A recent study from Bowling Green State University’s National Center for Family & Marriage Research found the percentage of married couples has fallen from 76.5% of the population in 1970 to just over 31% today.
According to a February YouGov poll, 55% of adults prefer “complete monogamy” in relationships, but 34% said they want some form of non-monogamous coupling. And the percentage of people wanting more than one sexual partner in a relationship was highest among those younger than 45.
“The rising number of ethically non-monogamous and polyamorous relationships may contribute to the decline in weddings and how most people prefer to meet on dating apps rather than traditional means,” said relationship therapist Orit Krug, an expert on non-traditional couplings. “It is much easier to find like-minded people on apps like Feeld and OKCupid.”
Looking online for a spouse can be fraught with danger, however.
As marriage-minded adults have flocked to dating apps during the pandemic, more have fallen victim to harassment and romance scammers looking to exploit their longing for a partner.
A Pew Research survey released in February 2020 found that 30% of adults reported using a dating site or app, and 12% reported being in a committed relationship or marriage with someone they met online. Among those aged 18-29, 48% reported dating online.
On the negative side, the Pew survey found 60% of women under 35 said people online kept trying to contact them against their wishes. And 57% of young women reported getting unwanted explicit messages or images.
In addition, romance scams cost roughly 70,000 Americans an estimated $1.3 billion last year, according to data the Federal Trade Commission released on Feb. 9. That’s equal to 2021 and more than double the total amount in pre-pandemic Cupid scams.
That means daters should use the same common sense about meeting people online that they use in other situations, said Ms.

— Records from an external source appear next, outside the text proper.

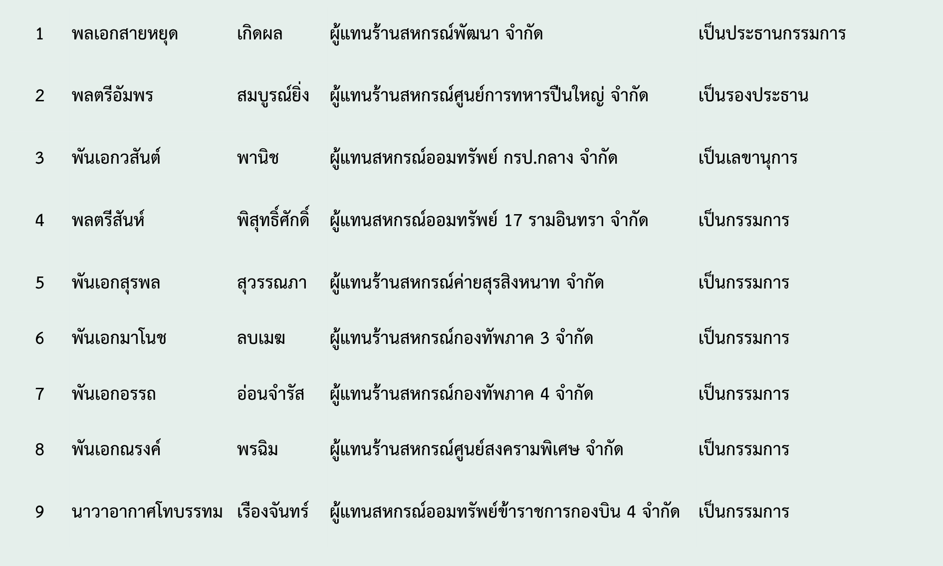 โดยได้เลือกผู้แทนสหกรณ์ เป็นคณะผู้จัดตั้ง ชุมนุมสหกรณ์ทหาร เพื่อลงชื่อในหนังสือขอจดทะเบียนจัดตั้งชุมนุมสหกรณ์ทหาร รวม 9 นาย คือ
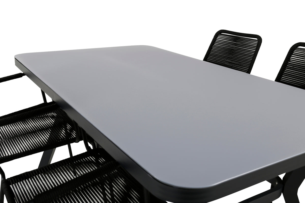 Virya & Lindos Spisebord 160 x 91 + Spisestole Sort
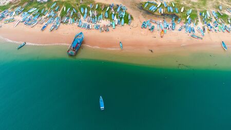 fisherman boat and Vintage wooden boat in sea. Boat drone photo..Aerial view of tropical island beach holiday yacht on blue reef ocean
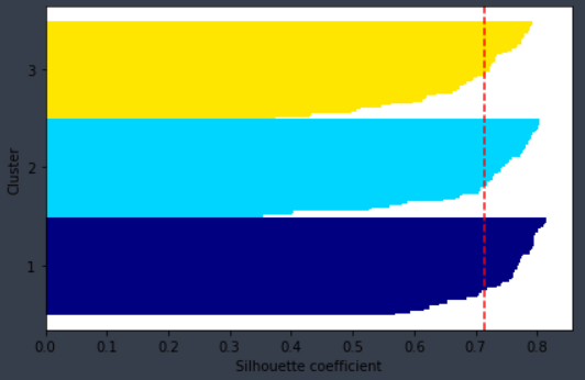 - -1 <= si <= 1 : 1에 가까울수록 군집화가 잘된 것이다.
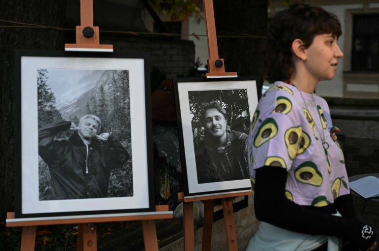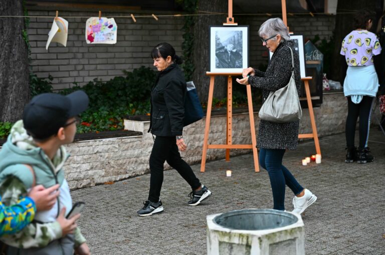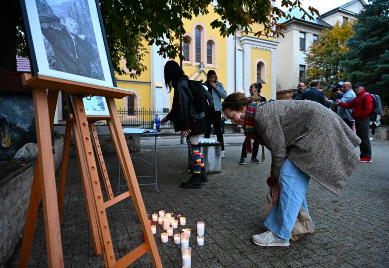 Atmosféra na Námestí študentov v blízkosti Gymnázia Ľudovíta Štúra v Trenčíne, kde si ľudia pripomenuli druhé výročie zavraždených dvoch mladých ľudí, Juraja Vankuliča a Matúša Horvátha pietnou spomienkou pod názvom Deň pestrosti. Trenčín, 11. október 2024. Foto: SITA/Tomáš Somr
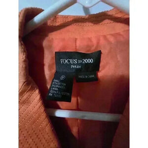 This is a pre-owned Focus 2000 Petite women's blazer in a bright orange color. It is made of a cotton blend fabric with a slight sheen. The blazer features a classic notched collar, a tie ribbon closure, and long sleeves with decorative stitching at the cuffs. There is a ribbon tie at the waist. The blazer is in good condition with no visible tears or stains. The label indicates the size is 6P, the fabric is 97% cotton, 3% spandex, and the lining is 100% polyester. The item is made in China. The measurements are approximately 17 inches across the shoulders, 18 inches across the chest, 24 inches in length, and 23 inches in sleeve length.
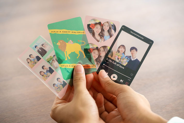 トレカ、カレンダー、写真パネルを1個から作成可能な写真をカタチにするサービスです。

Brooks of DatingNews.com.
“Online dating works and it’s plenty safe as long as you’re taking precautions to vet online matches and avoid putting yourself in a physically or financially vulnerable position even as you become emotionally vulnerable with a romantic partner,” she said.

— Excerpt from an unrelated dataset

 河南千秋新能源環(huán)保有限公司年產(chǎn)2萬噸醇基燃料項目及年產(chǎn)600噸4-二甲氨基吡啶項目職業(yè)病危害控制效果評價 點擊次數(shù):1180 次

Adults looking for a spouse online should sift profiles carefully before communicating with a potential partner, added Melinda Eitzen, a Dallas, Texas-based family and marriage attorney.
“The online dating sites allow people to filter for commonalities that are important to them such as religion, habits such as drinking or not drinking, enjoyment of travel or certain hobbies,” Ms. Eitzen said in an email. “Old fashioned matchmakers did this, but now we have giant databases that give a larger pool to sort through and pick from.”